“Remember to walk a mile in his moccasins…
Judge Softly by Mary T. Lathrap, 1895
We will be known forever by the tracks we leave
In other people’s lives.”
On April 5, 1968, third-grade teacher Jane Elliott launched a controversy that still simmers today. More on that in a minute.
The subject of chapter two in How Humans Learn is sociality, a term whose definition I’ll get to in a subsequent post. For now, it’s enough to know that the classroom is steeped in the social environment surrounding it.
Class activities occur within the context of myriad human relationships: teacher-student, student-student, parent-student, student-society, and so on.
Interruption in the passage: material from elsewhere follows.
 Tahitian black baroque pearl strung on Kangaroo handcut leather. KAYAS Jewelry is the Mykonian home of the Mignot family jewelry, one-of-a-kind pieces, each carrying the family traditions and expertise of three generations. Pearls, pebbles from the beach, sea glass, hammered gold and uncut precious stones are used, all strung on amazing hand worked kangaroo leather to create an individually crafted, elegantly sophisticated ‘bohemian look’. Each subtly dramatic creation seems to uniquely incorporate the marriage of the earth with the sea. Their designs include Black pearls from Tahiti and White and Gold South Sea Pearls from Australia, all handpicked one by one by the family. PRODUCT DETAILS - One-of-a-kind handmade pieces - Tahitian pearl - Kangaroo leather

Never was that fact driven home more forcefully than on that April day in 1968. History buffs will recall that Martin Luther King Jr had been assassinated the day before. Riceville, Iowa teacher Jane Elliott changed plans to help her third-graders understand how racial discrimination permeates the lives of those who suffer from it. She sought to show them the social context surrounding King’s activism and his murder.
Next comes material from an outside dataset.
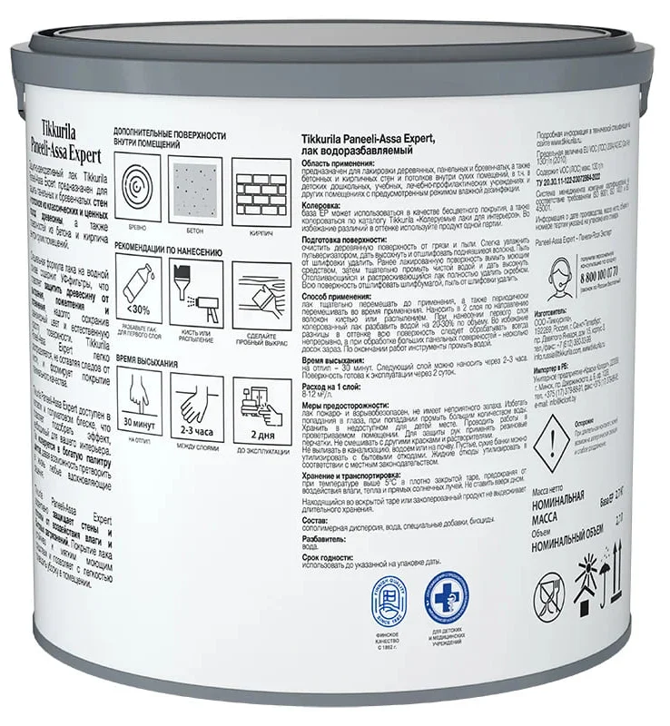 Лак Tikkurila Paneeli Assa Expert 20 полуматовый интерьерный лак 9 л

Elliott divided her all-white class by eye color and explained how she would begin treating the blue-eyed students worse than the brown-eyes students. The next day, she reversed the exercise to give every student a chance to experience prejudice. Needless to say, the activity became highly controversial and has remained so ever since.
An article in Smithsonian magazine notes “When the exercise ended, some of the kids hugged, some cried. Elliott reminded them that the reason for the lesson was the King assassination, and she asked them to write down what they had learned.” One third-grader wrote:
“I felt like quitting school. . . . I felt mad. That’s what it feels like when you’re discriminated against.”
In the ensuing five decades, Elliott has been both lauded as a racial justice hero and condemned as a sadistic child experimenter. Undoubtedly, her exercise would have a hard time clearing any institutional review board today. Nevertheless, it serves as evidence that learning is never isolated from the personal and social relations among students and the larger society.